Hearing loss is associated with a higher risk of Alzheimer's, per an August 2019 review published in the International Tinnitus Journal. Using hearing aids can help, according to the July 2020 report.

The exact reason for this connection is unknown, but there are several theories. One is that hearing loss can lead to increased social isolation—another risk factor for dementia. The other is that losing hearing makes the brain work harder to make up for the impairment, leading to fewer resources for other cognitive functions. Finally, it's possible that hearing loss and dementia develop through similar brain mechanisms.

Heart Disease

Brain and heart health are closely connected. The brain uses 20% of the body's oxygen and energy supplies, per the March 2021 report. Heart disease and its risk factors—such as smoking and diabetes—are associated with dementia as well.
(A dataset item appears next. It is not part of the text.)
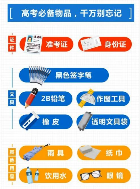 出门前认真检查要带的物品,如:身份证、准考证,水笔、2B铅笔、三角板、圆规、橡皮、量尺等,把以上所有装在结实、厚而透明的小塑料袋里,每天出发前,对照清单,检查一下。清单等非考试用品不能带入考场。不能用涂改液或修正带等。
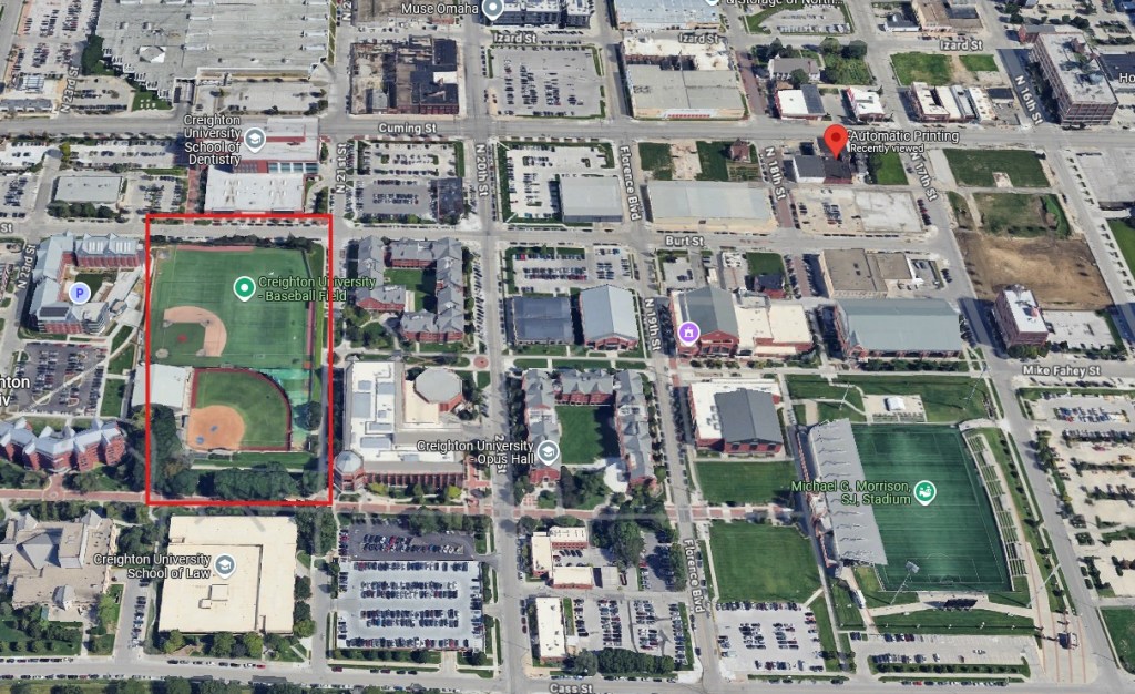 It will be built atop of where the current baseball practice and softball fields are located. Work will begin after the College World Series. I previously posted about the new baseball and softball fields that are currently under construction near 17th and Cuming Streets. Both Automatic Printing Company and Grace Tabernacle Church will be saved.

Physical activity and a heart-healthy diet—with fruits, vegetables, whole grains, fish, nuts, and legumes—can protect against heart disease, which can, in turn, reduce the risk of cognitive decline, per the March 2021 report. But note that there isn't a diet that can directly lower your risk of dementia, per a March 2019 study published in the journal JAMA.

High Blood Pressure

Blood pressure readings come with two numbers: systolic and diastolic blood pressure. Systolic pressure is measured when your heart beats, and diastolic is measured between beats, per the Centers for Disease Control and Prevention (CDC).

Healthy systolic blood pressure is below 120 mmHg. Your risk of dementia increases when this number is 130 mmHg or higher in midlife (at 50 years old), per a June 2018 paper published in the European Heart Journal.

Getting treatment for high blood pressure (hypertension) and keeping it in check in your midlife can help, per the July 2020 report. And high blood pressure that develops later in life may actually have a protective effect, per a July 2017 review published in the journal Neurotoxicology.

Physical Inactivity

Being physically active can reduce your risk of dementia, per the July 2017 review. But researchers don't know how much or what type of exercise is best. Aerobic exercise, aka cardio, had a small but beneficial effect in some studies, per the July 2020 report.